Records provided:
== Segment start ==

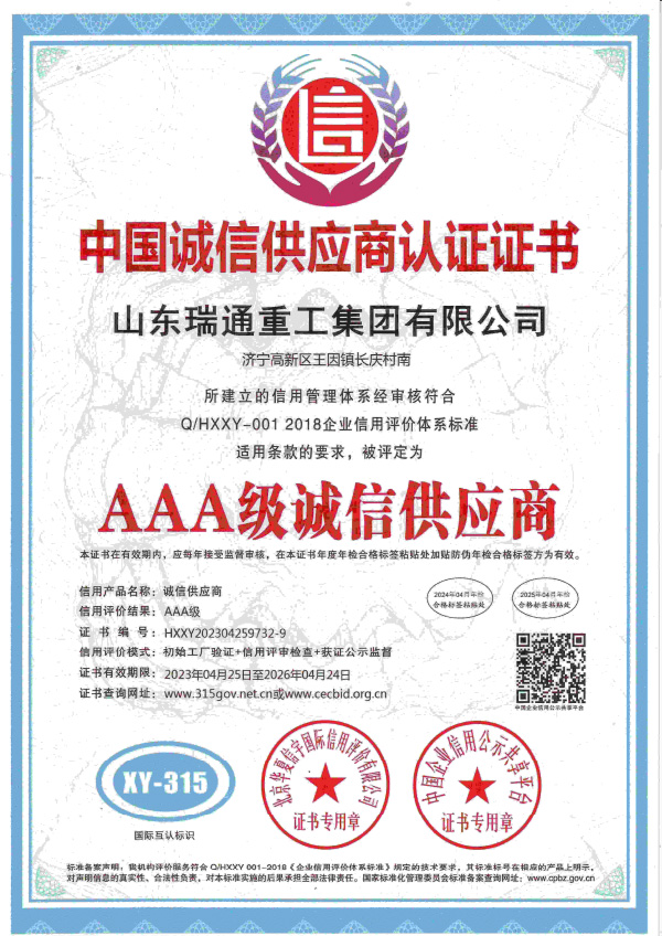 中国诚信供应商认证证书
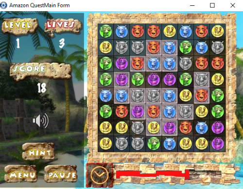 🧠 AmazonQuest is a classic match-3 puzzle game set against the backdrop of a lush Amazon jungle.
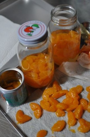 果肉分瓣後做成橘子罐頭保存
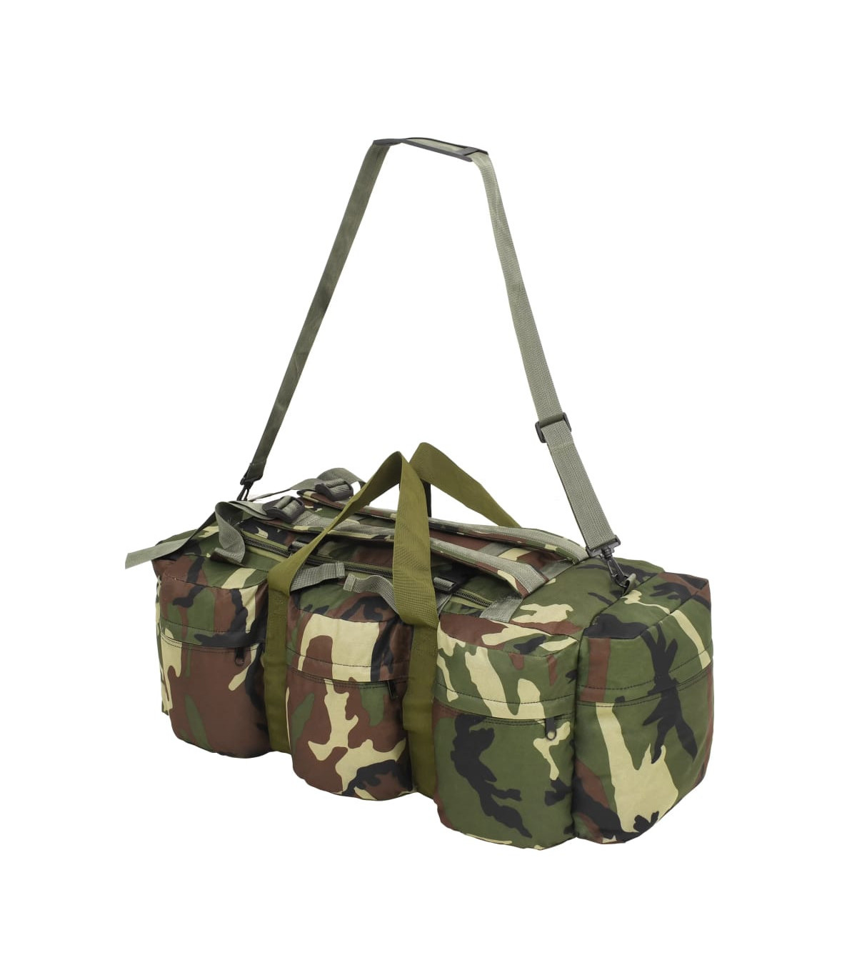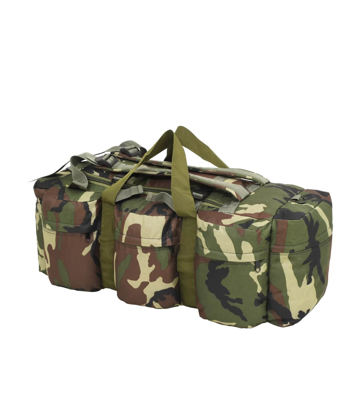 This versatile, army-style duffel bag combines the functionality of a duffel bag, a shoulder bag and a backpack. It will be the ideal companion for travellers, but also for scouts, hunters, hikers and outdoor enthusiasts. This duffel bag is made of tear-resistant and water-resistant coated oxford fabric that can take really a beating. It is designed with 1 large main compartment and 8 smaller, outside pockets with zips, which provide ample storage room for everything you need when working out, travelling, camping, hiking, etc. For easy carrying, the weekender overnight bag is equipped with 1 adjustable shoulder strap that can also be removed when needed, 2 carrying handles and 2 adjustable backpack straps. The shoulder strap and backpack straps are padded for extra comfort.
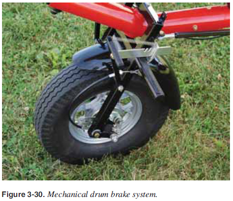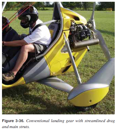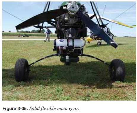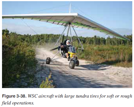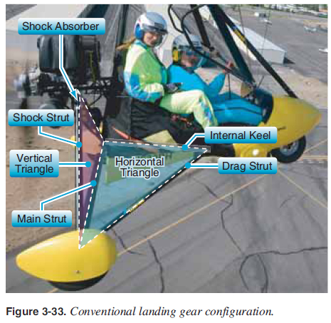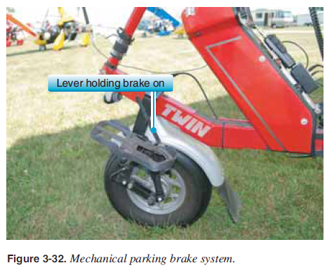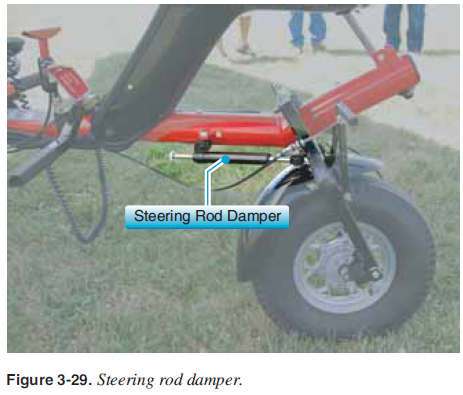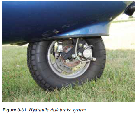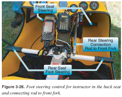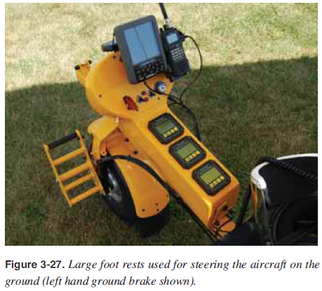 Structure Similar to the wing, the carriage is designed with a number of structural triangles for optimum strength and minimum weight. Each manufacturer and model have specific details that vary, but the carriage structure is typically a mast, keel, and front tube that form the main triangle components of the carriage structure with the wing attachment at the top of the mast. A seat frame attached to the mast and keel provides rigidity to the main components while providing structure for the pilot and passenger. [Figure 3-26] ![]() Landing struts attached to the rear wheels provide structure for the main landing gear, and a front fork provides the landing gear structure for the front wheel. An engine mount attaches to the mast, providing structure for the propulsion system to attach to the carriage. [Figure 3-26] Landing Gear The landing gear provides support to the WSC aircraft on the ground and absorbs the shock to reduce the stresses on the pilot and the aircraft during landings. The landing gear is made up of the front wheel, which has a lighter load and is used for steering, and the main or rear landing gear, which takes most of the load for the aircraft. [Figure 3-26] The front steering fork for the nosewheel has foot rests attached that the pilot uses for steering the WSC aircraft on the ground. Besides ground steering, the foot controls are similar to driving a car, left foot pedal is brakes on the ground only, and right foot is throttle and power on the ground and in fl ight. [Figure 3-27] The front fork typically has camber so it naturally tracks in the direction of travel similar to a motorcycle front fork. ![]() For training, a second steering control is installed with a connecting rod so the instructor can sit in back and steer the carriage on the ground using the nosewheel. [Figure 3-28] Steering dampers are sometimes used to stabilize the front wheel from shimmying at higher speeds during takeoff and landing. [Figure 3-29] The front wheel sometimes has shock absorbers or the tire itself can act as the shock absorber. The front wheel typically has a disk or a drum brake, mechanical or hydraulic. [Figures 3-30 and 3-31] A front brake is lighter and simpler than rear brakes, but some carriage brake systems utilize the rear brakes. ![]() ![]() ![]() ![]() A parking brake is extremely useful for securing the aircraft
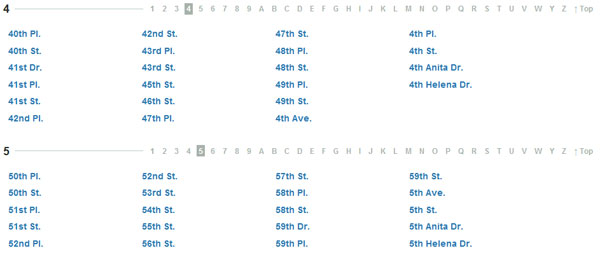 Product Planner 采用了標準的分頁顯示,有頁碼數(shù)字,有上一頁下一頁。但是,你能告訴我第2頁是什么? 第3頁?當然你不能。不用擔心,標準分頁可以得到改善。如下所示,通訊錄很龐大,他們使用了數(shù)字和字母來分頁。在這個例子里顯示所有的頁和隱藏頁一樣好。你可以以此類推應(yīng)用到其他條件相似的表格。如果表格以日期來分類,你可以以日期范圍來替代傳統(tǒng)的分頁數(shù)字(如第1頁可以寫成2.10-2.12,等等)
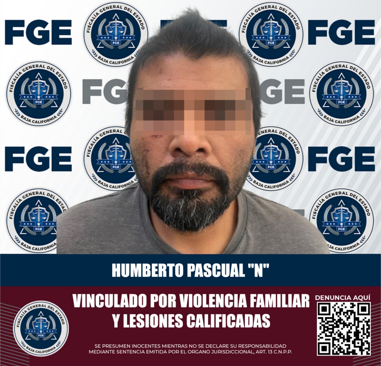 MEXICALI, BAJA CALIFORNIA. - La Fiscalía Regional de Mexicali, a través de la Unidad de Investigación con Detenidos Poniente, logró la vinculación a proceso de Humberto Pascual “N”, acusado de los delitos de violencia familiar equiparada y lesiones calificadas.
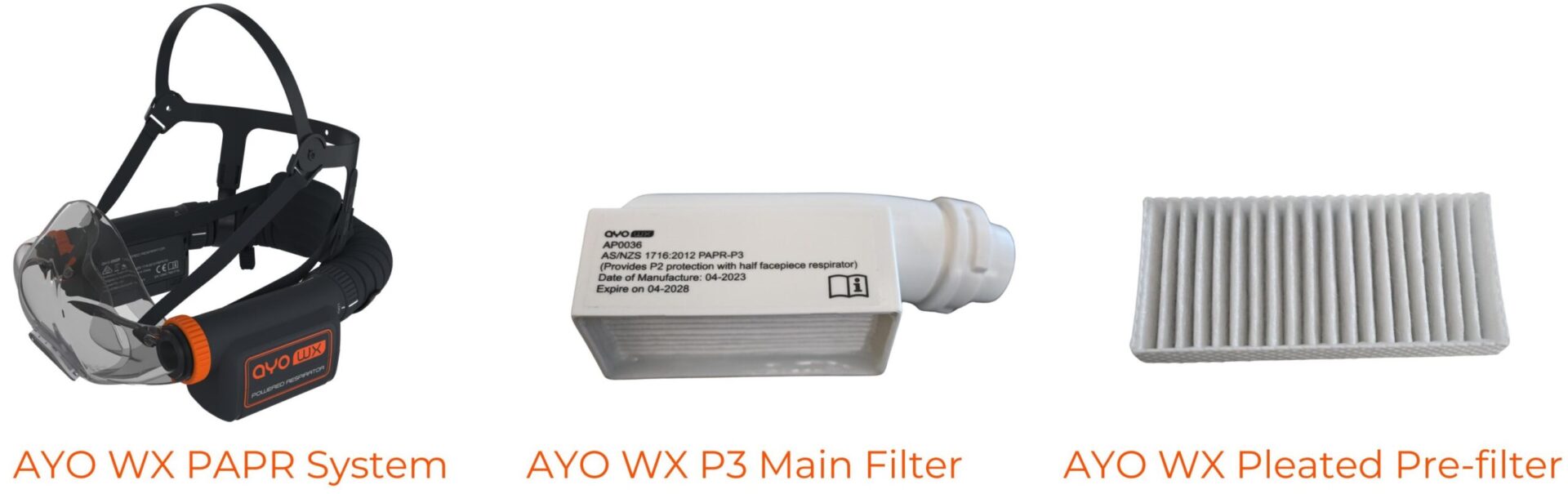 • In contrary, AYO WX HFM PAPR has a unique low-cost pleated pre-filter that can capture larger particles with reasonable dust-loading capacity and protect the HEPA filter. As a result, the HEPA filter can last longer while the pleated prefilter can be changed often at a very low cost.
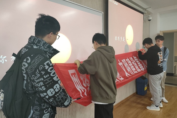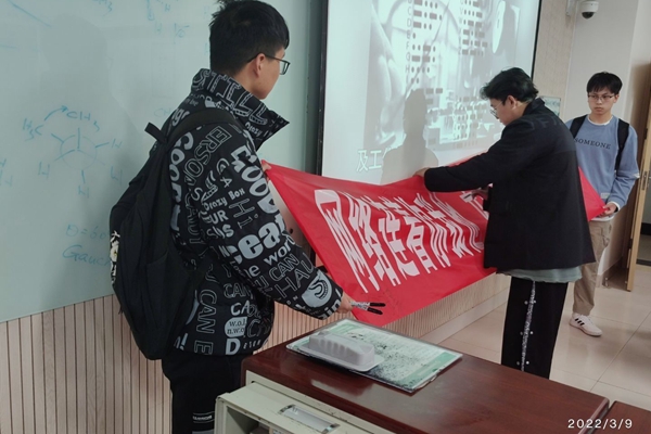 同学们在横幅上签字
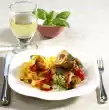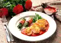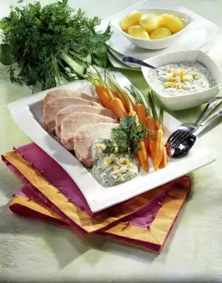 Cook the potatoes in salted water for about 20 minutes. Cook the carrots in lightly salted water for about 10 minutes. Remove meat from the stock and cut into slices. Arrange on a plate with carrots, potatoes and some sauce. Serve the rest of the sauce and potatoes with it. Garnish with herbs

== Segment end ==

Exercise objective:
Go from the first line of the data above to the line containing "果肉分瓣後做成橘子罐頭保存" and retype exactly those lines, both included, but none of the pictures.

Result for this exercise:
 中国诚信供应商认证证书
 🧠 AmazonQuest is a classic match-3 puzzle game set against the backdrop of a lush Amazon jungle.
 果肉分瓣後做成橘子罐頭保存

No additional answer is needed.